Sorting, Comparing, and Searching Strings

Sorting and comparing strings is more complex than first meets the eye. Not only can strings contain surrogate pairs (see Ole's article on Unicode) but sorting also depends on the locale. The corner cases are quite tricky.

Apple's String Programming Guide has a section called “Characters and Grapheme Clusters”, which mentions a few of the pitfalls. For example, for sorting purposes, some European languages consider the sequence “ch” a single letter. In some languages, “ä” is considered equal to a, while in others it should be sorted after z.

NSString has methods to help us with this complexity. First off, there's:

- (NSComparisonResult)compare:(NSString *)aString options:(NSStringCompareOptions)mask range:(NSRange)range locale:(id)locale

which gives us full flexibility. Then there are a slew of convenience functions that all map to the aforementioned method.

The available options for comparison are:

NSCaseInsensitiveSearch
NSLiteralSearch
NSNumericSearch
NSDiacriticInsensitiveSearch
NSWidthInsensitiveSearch
NSForcedOrderingSearch

These can be or'd together.

NSCaseInsensitiveSearch: “A” is the same as “a,” though in some locales more complex things happen. For example, in German, “ß” and “SS” would be equal.

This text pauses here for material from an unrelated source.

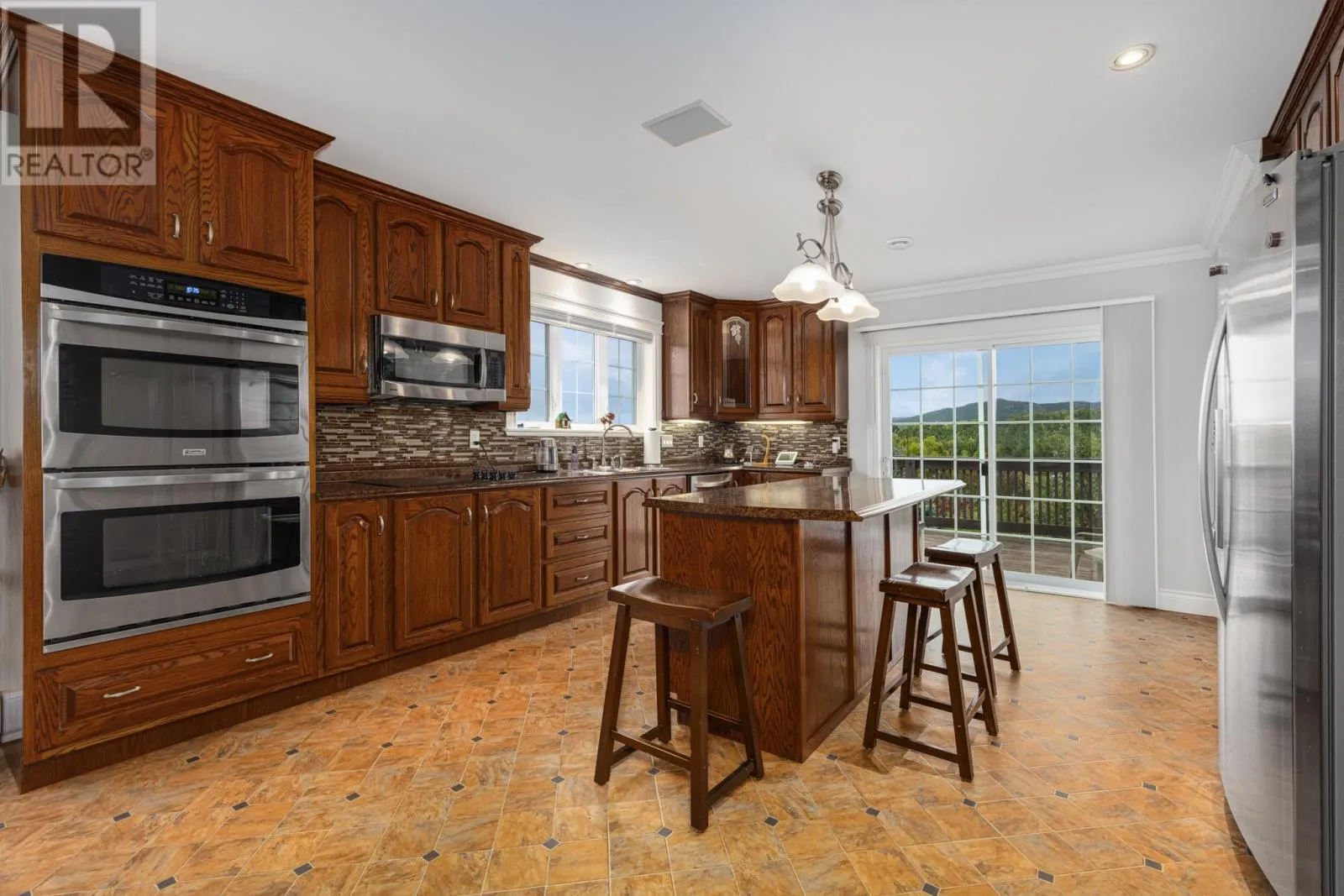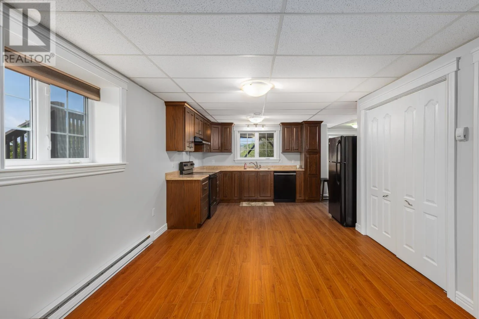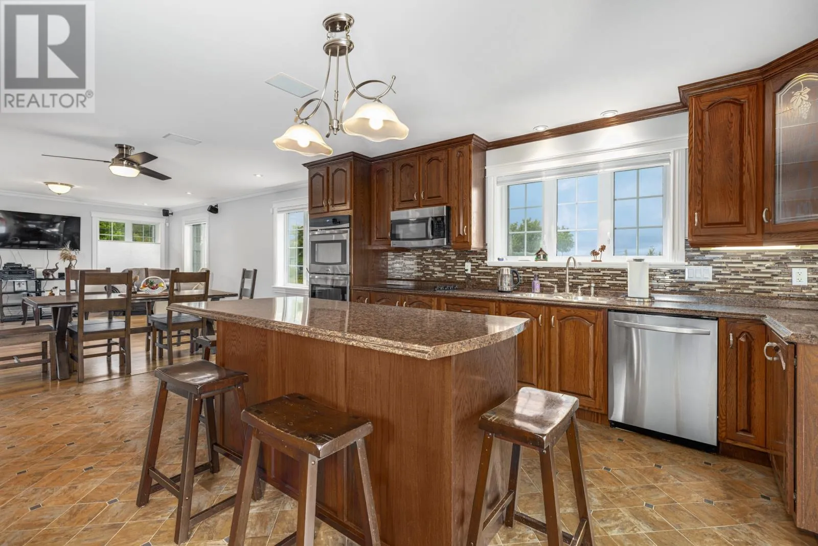 Beautiful Large Bungalow in scenic Conception Bay South. 2100 square feet of living area per floor - this home has all the extra space you need with beautiful hardwood floors throughout. The main floor as a massive open concept living/dining room and kitchen area. The three bedrooms are huge with a over-sized walk-in closet and ensuite bath off the primary bedroom. Just off the kitchen you'll find a a den/office(13ftx8.5ft) and the laundry. Off the kitchen too there is a extremely large patio stretching the full length of the home over looking the valley - 32ft by 12ft. On the lower level there's an oversized 1 bedroom apartment with an office/den measuring 13ftx8ft. This is truly a gorgeous apartment for a family member. The massive family room measuring 24ft by 19ft with a propane fireplace and wet bar is also on this level along with the garage with the entrance on the back of the home. This home is in like new condition and shows exceptionally well. (id:27476)

NSLiteralSearch: Unicode point for Unicode-point comparison. This will only return equal (NSOrderedSame) when all characters are composed in the exact same way. LATIN CAPITAL LETTER A and COMBINING RING ABOVE is not the same as LATIN CAPITAL LETTER A WITH RING ABOVE.

NSNumericSearch: This orders numbers inside strings, so that “Section 9” < “Section 20” < “Section 100.”

NSDiacriticInsensitiveSearch: “A” is the same as “Å” and the same as “Ä.”

NSWidthInsensitiveSearch: Some East Asian scripts (Hiragana and Katakana) have characters in full-width and half-width forms.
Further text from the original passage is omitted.